LAUSR

The crystalline and morphological structures of polymer semiconducting films were controlled by selecting for appropriate thermal properties in the polymeric chains, thereby improving polymer FET performances. Poly(dioctyl-quaterthiophene-dioctyl-bithiazole) (PDQDB), comprising 5,5'-bithiazole and oligothiophene rings, was used as the basis for the polymer semiconductor studies. The Tg and Tm values of the thin film state, rather than of the bulk polymer state, were important in this study. A PDQDB film with a Tg of 101˚C in the thin film state showed the highest maximum and average μFET values, 0.194 and 0.141 cm2V-1s-1, respectively, in an FET device at a post-processed temperature of 100˚C. On the other hand, relatively low average μFET values of 0.115, 0.098, and 0.079 cm2V-1s-1 were observed in FET devices prepared from PDQDB films with Tg values of 130, 165, or 180˚C, respectively, despite the dramatic increases in film crystallinity.

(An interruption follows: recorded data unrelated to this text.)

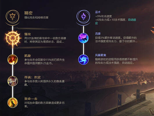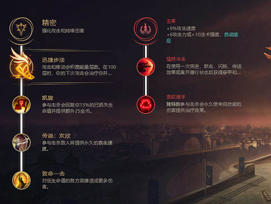 致命节奏:迅捷步伐可以给予卢锡安对线期十分优秀的续航能力,进而保证卢锡安可以有着充足的血量进行每一波换血。进而统治对线期!中后期团战中也可以通过这个天赋回复不少的血量。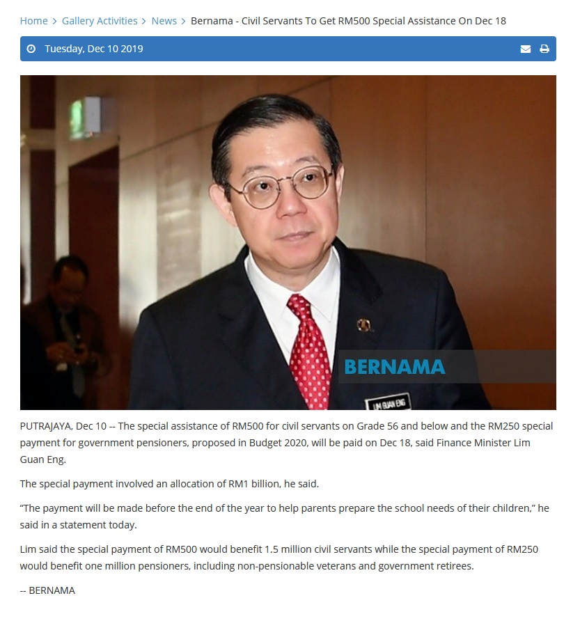 Bernama - Civil Servants To Get RM500 Special Assistance On Dec 18 |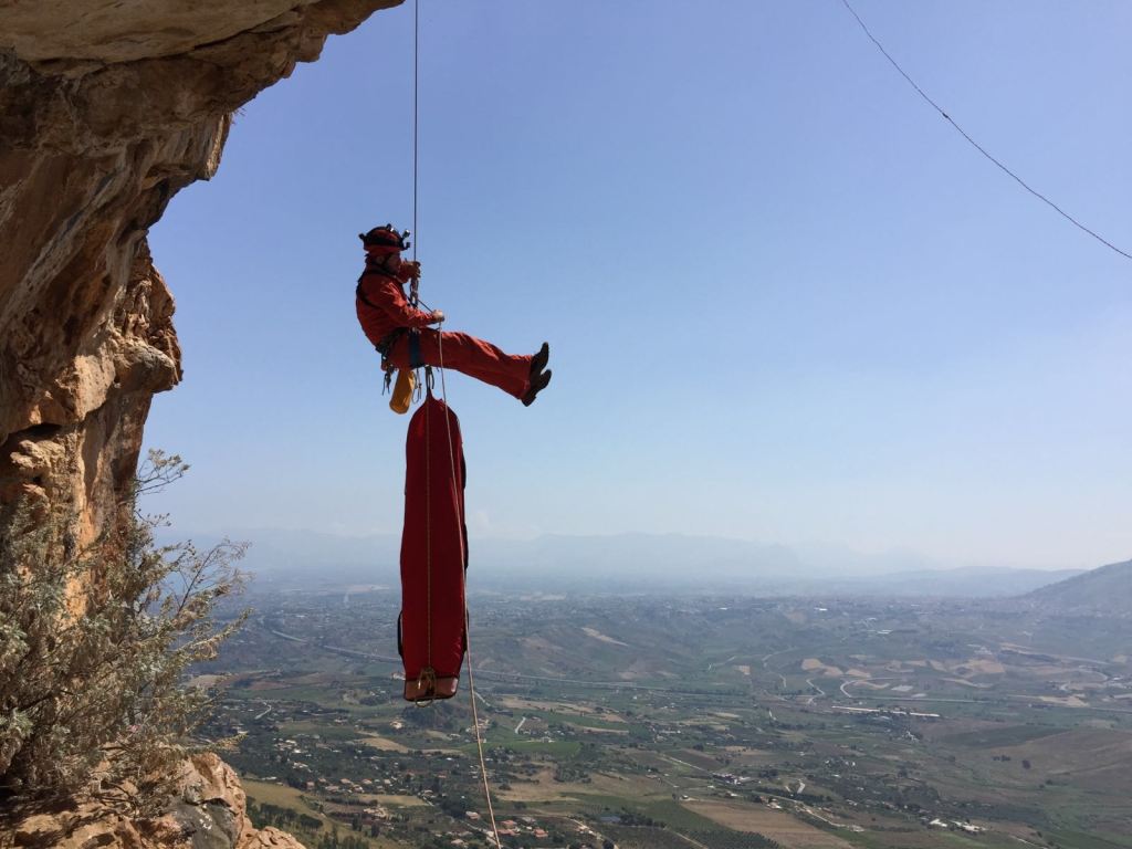 E’ lo scenario dell’esercitazione regionale che il Corpo nazionale soccorso alpino e speleologico (Cnsas) sta svolgendo nella grotta “Abisso dei cocci”, sul Monte Inici, nel comune di Castellammare del Golfo, che ha uno sviluppo superiore ai 2 km, una profondità di circa 305 metri, con un ingresso in parete a cui si può accedere dal basso con un’arrampicata di circa 30 metri o dall’alto con una calata di circa 70 metri.

With the variations in the μFET, what we have noticed is that the standard deviations of the measured μFET values varied with the Tg values: 36.0% for the Tg = 165˚C film and 51.1% for the Tg = 180˚C, indicating that the OFET performances were not uniform. These results were closely related to nano- and microscale non-uniformity in the PDQDB film structure in the presence of excessively activated grain structures. These variations were correlated with the crystalline and morphological structures of the PDQDB films prepared under various processing conditions.